It’s impossible to read a 250-word article without being interrupted 5-7 times. Two of those interruptions are likely a full page overlay with give me your email, and are you sure you don’t want to subscribe, just give me your credit card number.
Then there are auto-play videos on the side, some with audio on by default. I mean I came here to read something, so of course we have things flashing and moving and making noise, it’s the most conducive environment for thought, right?
Ad blockers and script blocking are essentially a hazmat suit that allows us to withstand a hostile environment. Remember when we said myspace pages with audio and [marching-ants] borders was a bad UX? At least we didn’t have overlays back then.
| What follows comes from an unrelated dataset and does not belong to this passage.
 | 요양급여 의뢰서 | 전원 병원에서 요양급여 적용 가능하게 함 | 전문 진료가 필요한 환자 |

Go back to basics and consider what makes a good vs bad internet experience. The reality sounds like someone with a minor case of severe brain damage. I think we’ve just become unashamed of greed as a society. It’s clearly all just about money.
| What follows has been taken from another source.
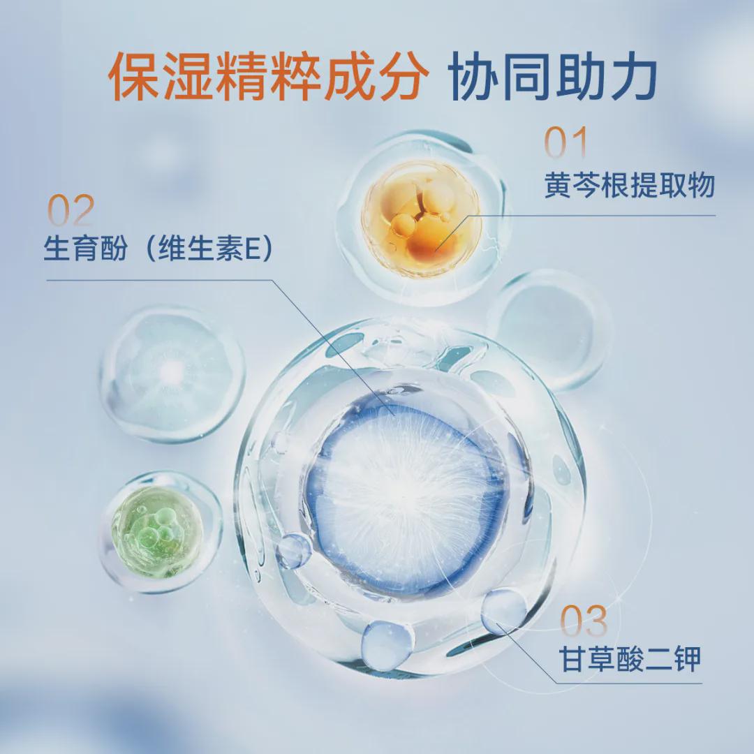 再加上甘草酸二钾、黄芩根提取物的养肤成分的助力。

Those annoying customers/users generate content and we have to put up with them so we can monetize it. *Sadly, It’s unclear if I’m talking about youtube, reddit, or nearly any other site.
Le sigh.
We’d probably be willing to view ads if the experience wasn’t literally jarring.
Not me, sorry. Fuck ads. I’ve been ad-free for like a decade, and I’m not interested in regressing.
Even if there was a balance and the ads were non-intrusive? I mean, servers and bandwidth cost money. I’m in the same boat as you where I have run ad blockers, adblocker blockers, no script, privacy enhancers, and anti-fingerprinting since forever ago.
I’d rather view a few reasonable ads than have a site try to mine and sell my data. If there was a balance, this is where I’d say it was reasonable. Since not reality, I’m with you, nuke them all, and just take the content.
The definition of “reasonable ads” and “just a few ads” keeps sliding. I’m old enough to remember the early internet, and that this lie has been told many times.
Just a few acceptable ads always becomes many unacceptable ads, because money.
Just like cable tv!
Even if there was a balance and the ads were non-intrusive?
I don’t need propaganda telling me to want to buy shit that I otherwise wouldn’t want to buy, no. I’ll go to other consumers (and, more specifically, people I trust) to determine what things are worth, not entities with a conflict of interest in the matter.
The whole marketing/advertising industry is illegitimate and harmful, and I’m “boycotting” the whole thing until we finish the job of destroying capitalism and it’s no longer needed anyway.
I’d rather view a few reasonable ads than have a site try to mine and sell my data.
The corporations are going to try to mine and sell your data anyway. Why wouldn’t they? You think just because they have a revenue stream through ads that they’ll give up another revenue stream from fucking over your privacy? Then I’ve got this nice bridge to sell you, too…
I think you’re right, I feel like I’m looking for a little good-will among our kind (bleak and probably misguided at best). Sellers and consumers need to coexist in some manner, but what that relationship should be is yet to be defined. For now, we’re in a place that needs change for sure.
I’m willing to pay for site and services I consider valuable. Not with my data, not with my attention.
I fully agree. Online ads used to be some banners next to the content you came to the site for. I was fine with that. As soon as they put it in front/in between/… the content, I very quickly got fed up with it.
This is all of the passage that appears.